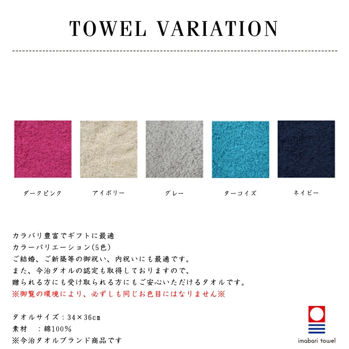 ご注文時のオプションにて、今治タオルの「カラー」と「名入れ刺繍」をご指定いただけます。
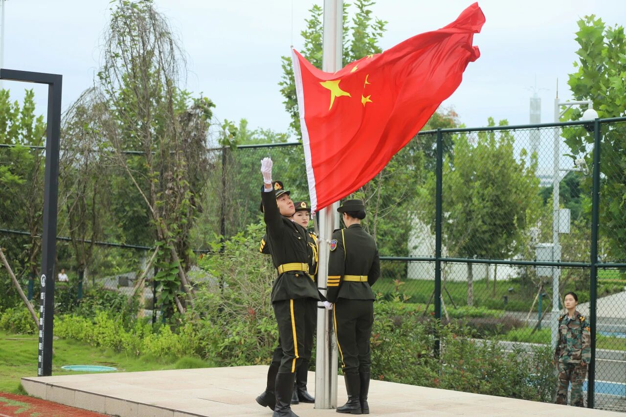 2025新生职场启梦训练军训汇报表演在雄壮的国歌声中正式拉开帷幕。全场师生肃立,向冉冉升起的五星红旗行注目礼,爱国情怀与航空报国之志在每个人心中激荡。
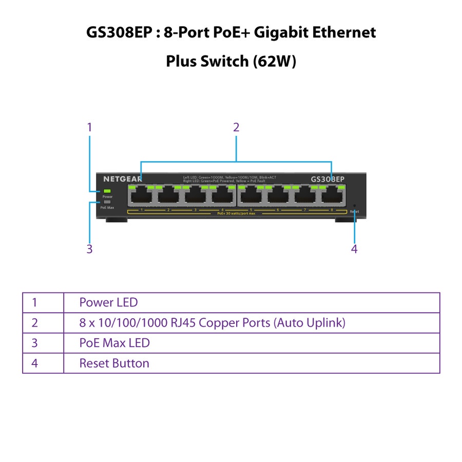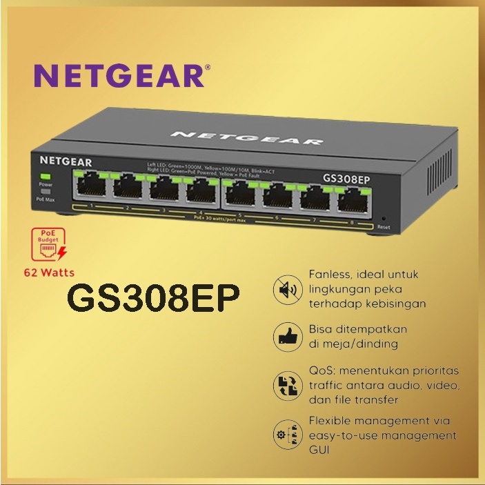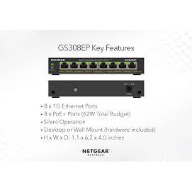 Netgear GS308EP 8-PORT GIGABIT ETHERNET SWITCH POE+ - GS 308EP
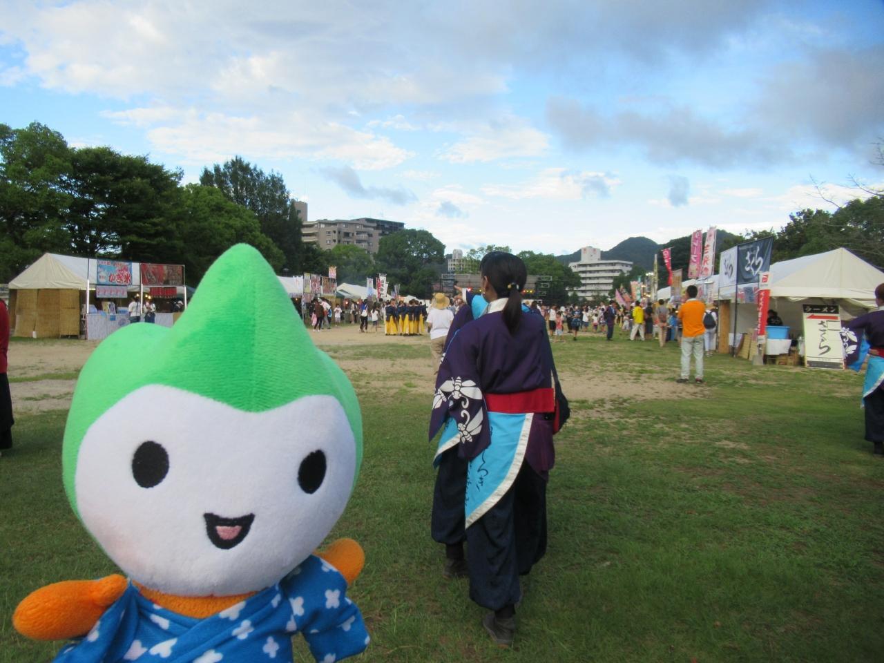 山口健康豆腐と銘打った、なかみち屋さんは宇部からの出店だそうで、ノリのいいお兄さんがちょるると一緒に写ってくださいました。
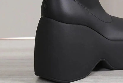 Step up your style with these fashionable Brown Chunky Platform Wedge Boots. Crafted of high-quality material. These women's boots provide comfort and stability. Enjoy the secure fit of their PU insole and the elegant square heel. Take your look to the next level with these stylish boots.
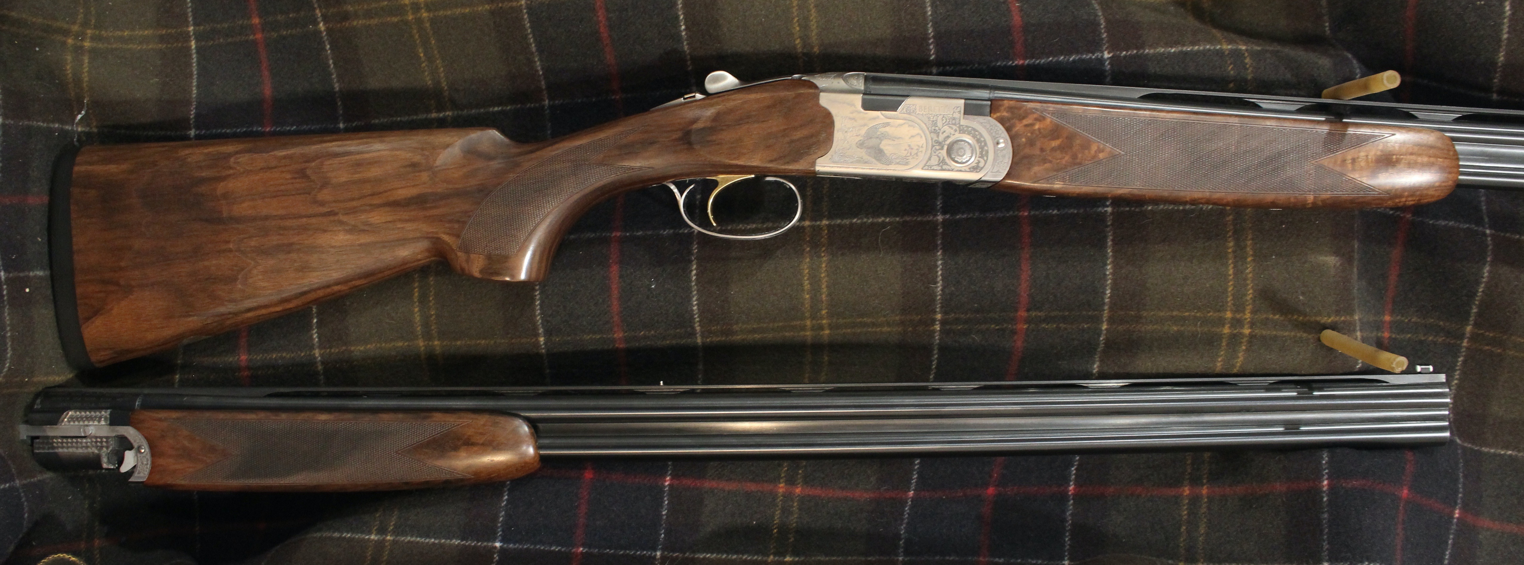Silver Pigeon 3 Signature Deluxe Sporting Combo - 28 & 410 gauge with 30" barrels, Deluxe engraving, manual safety, upgraded EELL wood, comes in Beretta case with 5 flush Optima HP choke tubes for the 28ga and 5 flush Mobil chokes for the 410.
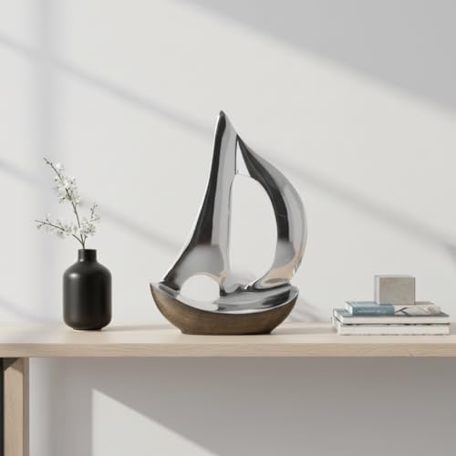 Modern Day Accents Velero Dark Hull Sailboat, Aluminum, Silver, Brown, Modern, Boat, Sculpture, Tabletop Décor, Home, Office, Water, Sail, 8" x 3" x 12" adds a Coastal Nautical Accent to Your Home
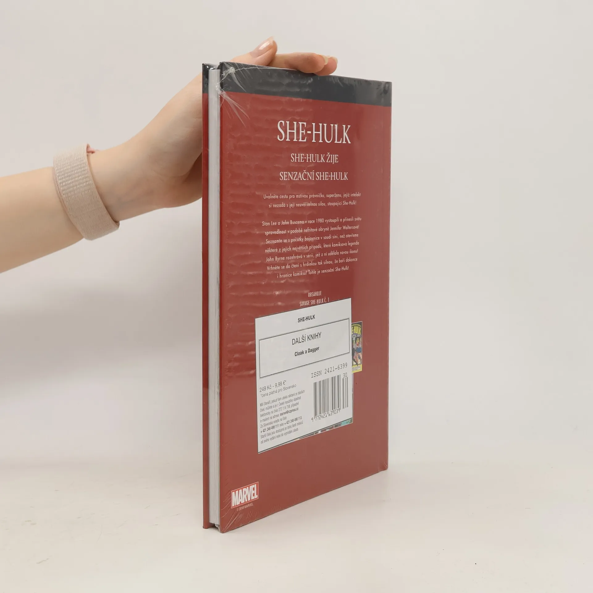 Uvolněte cestu pre mstivou právničku, superženu, jejíž intelekt si nezadá s její neuvěřitelnou silou, stoupající She-Hulk! Sten Lee a John Buscema v roce 1980 vystoupili a přinesli světu spravedlnost v podobě nefritové obryně Jennifer Waltersové! Seznamte se s počátky bojovnice v soudní síni, než otevřeme některé z jejích největších případů, které komiksová legenda John Byrne rozehrává v sérii, jež z ní udělala novou ikonu! Vrhněte se do čtení s hrdinkou tak silnou, že boří dokonce i hranice komiksu! Tohle je senzační She-Hulk! Obsahuje příběhy: She-Hulk žije Druhá šance Útok strašlivých ropušáků aneb žába skáče na blátě Můj hvězdný host... můj nepřítel! Vysoké nároky Doktor ordinuje! Hvězdná mýtná brána Nemám žádná ústa a jsem zmetek! Největší světový detektiv!

══════════════════════════════

EXERCISE.
From the material above, output only the span of lines that starts at the one containing "Step up your" and finishes at the one containing "Silver Pigeon 3", word for word and free of pictures.

ANSWER SPACE.
 Step up your style with these fashionable Brown Chunky Platform Wedge Boots. Crafted of high-quality material. These women's boots provide comfort and stability. Enjoy the secure fit of their PU insole and the elegant square heel. Take your look to the next level with these stylish boots.
Silver Pigeon 3 Signature Deluxe Sporting Combo - 28 & 410 gauge with 30" barrels, Deluxe engraving, manual safety, upgraded EELL wood, comes in Beretta case with 5 flush Optima HP choke tubes for the 28ga and 5 flush Mobil chokes for the 410.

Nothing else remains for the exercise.